Loin de Paris, destin tragique dans la Pologne soviétique de l’après-guerre

Lukasz Wojciechowski nous avait emballé avec Soleil mécanique et Dum Dum, deux albums situés pendant l’entre-deux-guerres. Il revient avec Loin de Paris, un récit familial en Pologne qui démarre au début des années 1950. Toujours adepte du noir et blanc et d’un dessin minimaliste “fil de fer”, l’auteur polonais parvient cette fois à rendre toute l’émotion d’un destin tragique qui le touche de près. Brillant.
AutoCAD est un logiciel de dessin que les architectes utilisent pour réaliser des plans, un outil qui simplifie considérablement la pratique du dessin industriel. L’utiliser pour créer des bandes dessinées dans un style “fil de fer” très minimaliste est presque une aberration. Lukasz Wojciechowski, architecte de son état, s’est pourtant lancé ce défi depuis cinq ans. Pour réussir son pari, il a dû adapter les codes du 9e art, multiplier les astuces, inventer des procédés.
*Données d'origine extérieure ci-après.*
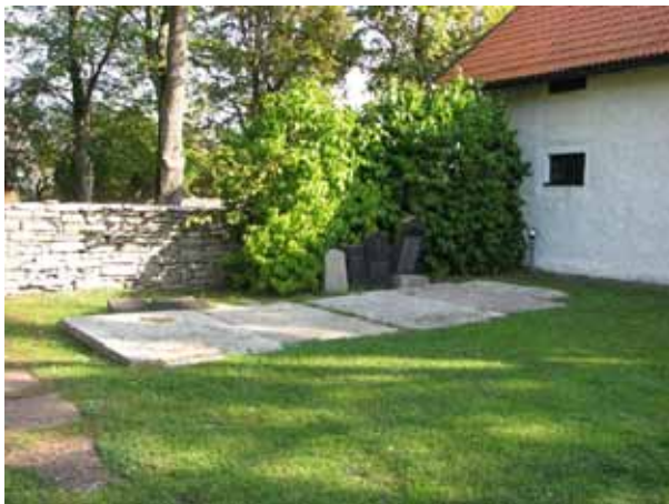
Äldre vårdar och hällar förvaras intill materialboden i nordost (KI Kastlösa kyrkog 023)

I det nordöstra hörnet som en del av kyrkogårdsmuren ligger en äldre materialbod, uppförd omkring 1805, med vitputsade fasader och tegeltak. Huset har under en period använts som bårhus men nu är det endast förråd.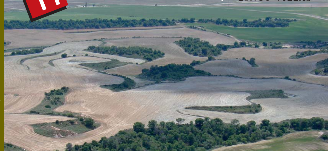
Realiza: PRAMES.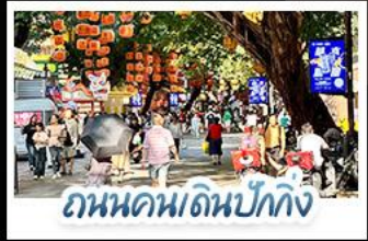
ถนนคนเดินปักกิ่ง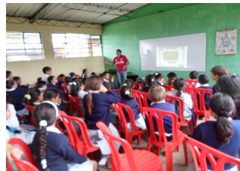
ETAPA DE CAPACITACION HUERTAS ESCOLARES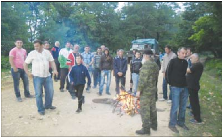
ერთად - ძვირ ზალსარჩენად

კვევით აყალიბებდა მოთხოვნებს, მათ შორის პირველი ასეთი იყო: უპირობოდ შეწყდეს ბარბაროსული ჭრა! სვერის ტერიტორიული ორგანოს რწმუნებულები თითებს იშველიებდა პრობლემების ჩამოთვლისას, რომლებიც წარმოშვა დასაქმების ყოფილი მინისტრის პაატა ტრაპაიძის კომპანიამ ორი წლის განმავლობაში ტყეების უმოწყალო ჩეხვით.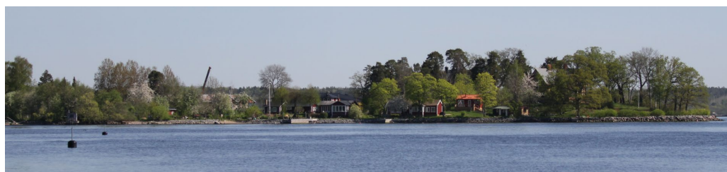
Duvholmen sett från Elfvik.

Duvholmen finns markerat på Lidingökartan från 1660-talet. Likt större delen av nordöstra Lidingön löd Duvholmen under Elfviks gård. På 1880-talet försålde Duvholmen vilket kom att medföra att flera sommarnöjen uppfördes på ön under 1890-talet. I början av 1900-talet etablerades Duvholmens båtvarv som fortfarande är verksamt. De stora bryggorna vid Schweizervillan och vid Stenvillan bör ha tillkommit 1900–1920. Tennisbanan anlades på 1920-talet. Enstaka små fritidshus tillkom under efterkrigstiden. I dag finns flera bofasta hushåll på ön. Någon reguljär båtförbindelse till Elfviklandet finns dock inte.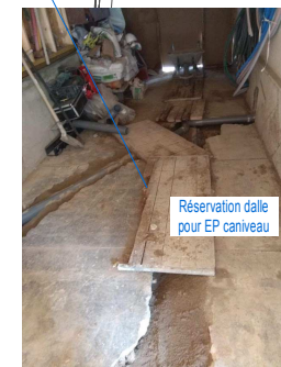
Réservation dalle pour EP caniveau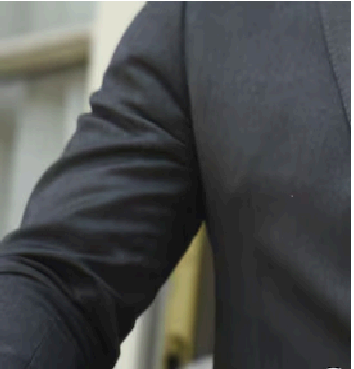
El presidente Javier Milei junto a Diana Mondino

Sin embargo, Mondino aún no se expresó sobre este ofrecimiento público . “Hay que ver si quiere, quedó muy golpeada”, señalaron fuentes gubernamentales a Infobae .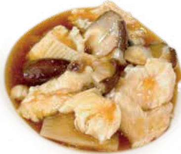
44 POLLO CON FUNGHI E BAMBU chicken mushrooms bamboo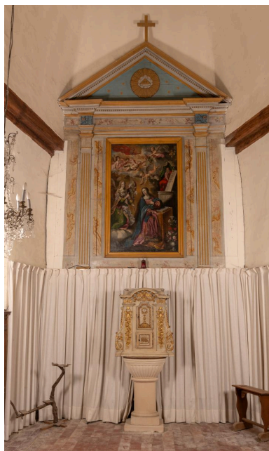
Éléments de l'ancien maître-autel.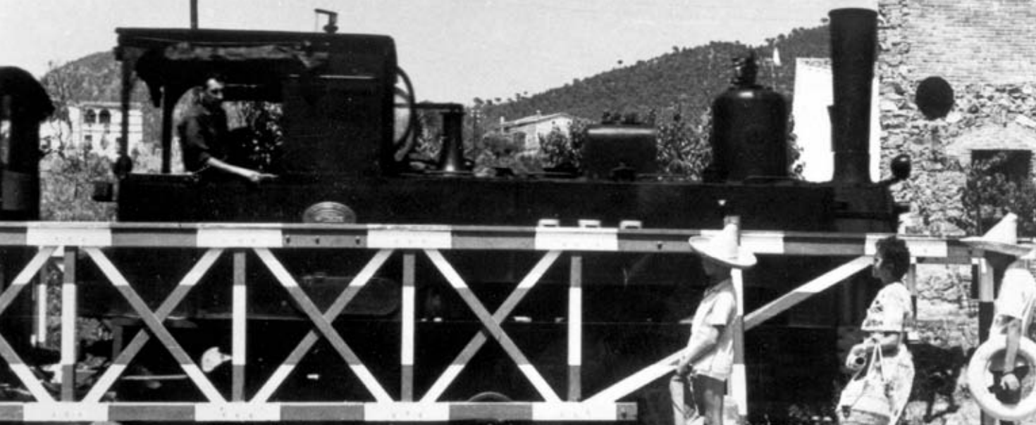
Barrera de Castell d'Aro a la carretera de S'Agaró a la dècada dels anys 1960.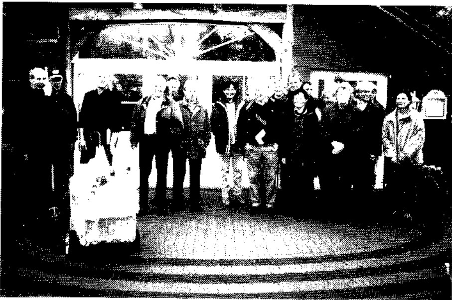
Boßeltour des Vorstandes - Treffen beim Birkenhof in Lutten

Avec une telle économie de moyen, différencier les personnages, représenter les décors, donner du mouvement, enchainer les dialogues est en effet un vrai tour de force.

A chaque difficulté, Lukasz Wojciechowski trouve une solution, souvent brillante*. Le résultat est stupéfiant de finesse et d’intelligence. On n’est pas ici dans une posture “arty” ou une volonté de se démarquer à tout prix, mais plutôt dans une utilisation optimale des outils que l’auteur a à sa disposition. Certes, il faut un peu de temps pour s’immerger dans une bande dessinée d’apparence aride et qui demande un peu d’adaptation de lecture. Mais une fois cette étape passée, on est captivé par la narration, ébloui par l’inventivité. Avec Loin de Paris, Lukasz Wojciechowski ajoute une corde à son arc en s’aventurant sur le terrain des sentiments.
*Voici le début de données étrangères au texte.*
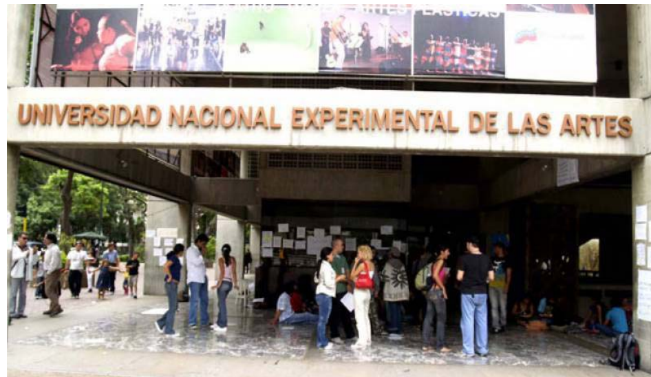
Las áreas vitales para el funcionamiento se mantendrán activas

De acuerdo al comunicado académico, se mantendrán en la institución de educación superior las actividades administrativas vitales para el funcionamiento operativo (vigilancia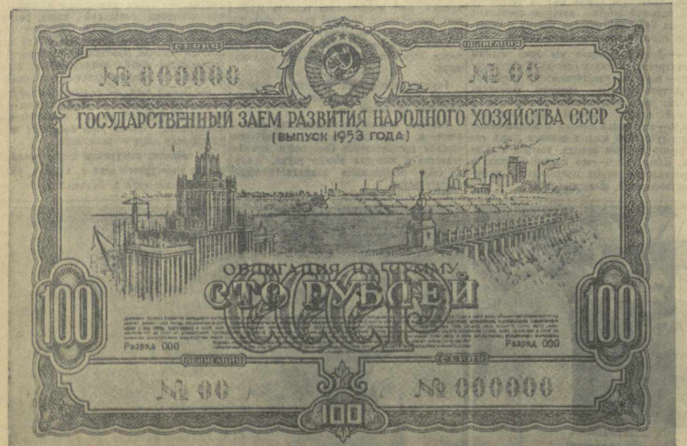
Образцы облигаций Государственного займа развития народного хозяйства СССР (выпуск 1953 года) достоинством в сто рублей.

Делегация пробудет в Грузии три дня. (ГрузТА).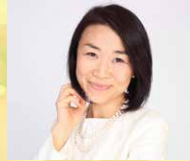
株式会社ブリッジインターナショナル創業CEO

世界一の通訳で培ったノウハウであなたの英語力も人生も成功も10Xに! 純国産トップ通訳 / 社会起業家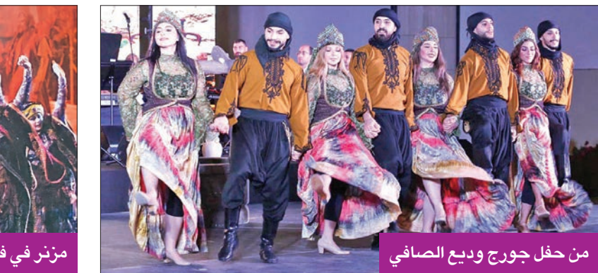
من حفل جورج وديع الصافي

بدأ المخرج اللبناني إبراهيم مزنر رحلته الفنية مع فرقة كركلا العالمية، والتي اكتسب من خلالها الخبرة الفنية مدة 12 سنة، مشاركاً بأعمال نالت إعجاباً جماهيرياً، عبر مهرجانات وعروض مسرحية عالمية في أكثر من 50 مسرحاً حول العالم، منها: أصدقاء، وحلم ليلة شرق، والأندلس المجد الضائع، وألف ليلة وليلة، وبليلة قمر.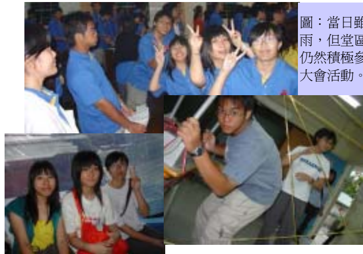
圖：當日雖然下雨，但堂區青年仍然積極參與大會活動。

還記得那天是下雨天，別說是烈日當空的天氣，要在山路泥地走來走去，去各個目的地，已經是十分辛苦的事，更何況是下雨天~汗水和雨水都溶合在一起，還要走斜路，行泥路水"沘"，又要顧著撐傘子，又要顧著濕滑的路。在這艱辛的環境下，我組的組員與組員之間，也能發揮互助的精神。透過這次活動，能令我與組員之間的友情增進不少，也學會互相幫助的重要。

Le quotidien d’une famille polonaise
L’album commence en mars 1953 avec l’annonce de la mort de Staline lors d’une séance de cinéma. Se croyant, à tort, protégé par l’obscurité de la salle, un spectateur ose crier “Hourra !”. Nous sommes en Pologne, et le décor est planté en quelques cases. Zofia et Stanislaw Wachowicz, présents dans le cinéma, vivent chichement dans un petit village non loin de la ville de Zielona Góra, près de la frontière allemande. Elle est bibliothécaire, il travaille dans le bâtiment, ils ont un jeune garçon. Loin de Paris montre les privations, de biens de consommation comme de liberté, qui régissent le pays. Et le quotidien d’une famille qui trouve le bonheur où elle peut.
La venue d’un second enfant et les fréquentes cartes postales d’Anna, la sœurs de Zofia qui a pu s’installer à Paris, sont comme deux rayons de soleil qui aident à supporter l’ordre soviétique. En 1960, le décès accidentel de Stanislaw est un tragique point de bascule pour la famille Wachowski. Plus rien ne sera pareil et la vie de Zofia, prisonnière de sa condition de veuve, prend un tournant dramatique, remarquablement narré par Lukasz Wojciechowski, son propre petit-fils qui n’a pas eu la chance de la connaître. Pouvait-on imaginer récit aussi poignant avec un dessin aussi simplifié ? Sûrement pas. La (bonne) surprise n’en est que plus inattendue et enthousiasmante.

Témoignage de premier plan
Loin de Paris, nourri par les souvenirs familiaux de l’auteur, est un témoignage de premier plan sur la vie ordinaire dans un village d’une Pologne sous la coupe de l’URSS. Les magasins vides, l’omniprésence de la police, la méfiance entre les habitants sont des sujets connus. La propagande anti-occidentale aux actualités cinématographiques, la perception de l’opulente Europe de l’Ouest ainsi que les aspirations intimes des personnages principaux se rencontrent beaucoup moins dans la bande dessinée franco-belge. Une qualité de plus pour l’album de Lukasz Wojciechowski à côté duquel il ne faudra pas passer.

* : Ce qui a valu à Soleil mécanique d’être sélectionné par Cases d’Histoire dans les 10 meilleures BD historiques de l’année 2021 et Dum Dum dans les 3 de l’année 2023.
Loin de Paris. Lukasz Wojciechowski (scénario et dessin). Çà et Là. 256 pages. 22 euros.